# Development of Flavoproteins as Catalysts for Asymmetric Radical Reactions

> **NIH NIH R01** · PRINCETON UNIVERSITY · 2024 · $325,997

## Abstract

Project Summary
 The work described in this proposal aims to address the longstanding challenge of controlling the
enantioselectivity and regioselectivity of synthetically valuable reactions mediated by radical intermediates. This
work will develop novel mechanisms for generating free radical intermediates within protein active sites.
Evolution of the protein will be conducted to enhance the chemo-, regio-, and enantioselectivity of the reactions
performed within their protein active site. Building on findings in the previous funding period, we will develop
couplings reactions between nitronates and alkyl halides. These reactions have two possible products: a redox-
neutral reaction to afford chiral 𝛼-tertiary nitroalkanes and a reductive coupling to prepare cross-coupled
products. We will design catalysts to favor each outcome. Secondly, we will develop a regioselective coupling
of alkyl radicals with arenes. In this project, we will engineer the protein scaffold to favor functionalization at
positions that are untouched using existing synthetic methods. Thirdly, we will explore alkene
difunctionalization. In one manifold, we will oxidize radical intermediates to form carbocations which can be
quenched with various nucleophiles. In a second approach, we will exploit Smiles rearrangements for radical
termination. These approaches will enable the rapid synthesis of highly substituted products while also enabling
the development of catalysts to precisely control the stereochemistry of stereocenters formed in C–C bond-
forming events.
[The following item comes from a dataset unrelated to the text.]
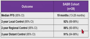 초기 비소세포암에서의 현재 표준 치료는 수술적 절제이다. 그러나 모든 환자에서 수술적 절제가 가능한 것은 아니어서 SABR는 수술적 절제가 불가능한 초기폐암에서 비교적 효과적이고 안전한 근치적 치료방법으로 활용되고 있다.2 수술과 정위절제방사선치료를 비교한 전향적 임상연구 결과에서도 정위절제방사선치료의 비열등성이 확인되기도 하였다.3, 4

In this application, we will also develop a new strategy for radical initiation using oxidative
decarboxylation. This activation mode will be applied to the synthesis of secondary amines. Finally, we will
create a biocatalytic cross-coupling reaction, where alkylated flavin adducts mimic the reactivity of
organometallic intermediates. This method will enable the coupling of carboxylic acids and alkyl halides without
using a metalloprotein. Together, these methods and the goals proposed in the Specific Aims have the potential
to streamline the synthesis of biological probes and drug targets, creating a significant benefit to human health
and associated biomedical sciences.

## Key facts

- **NIH application ID:** 10789985
- **Project number:** 5R01GM127703-09
- **Recipient organization:** PRINCETON UNIVERSITY
- **Principal Investigator:** Todd Kurt Hyster
- **Activity code:** R01 (R01, R21, SBIR, etc.)
- **Funding institute:** NIH
- **Fiscal year:** 2024
- **Award amount:** $325,997
- **Award type:** 5
- **Project period:** 2018-05-01 → 2027-02-28

## Primary source

NIH RePORTER: https://reporter.nih.gov/project-details/10789985

## Citation

> US National Institutes of Health, RePORTER application 10789985, Development of Flavoproteins as Catalysts for Asymmetric Radical Reactions (5R01GM127703-09). Retrieved via AI Analytics 2026-05-24 from https://api.ai-analytics.org/grant/nih/10789985. Licensed CC0.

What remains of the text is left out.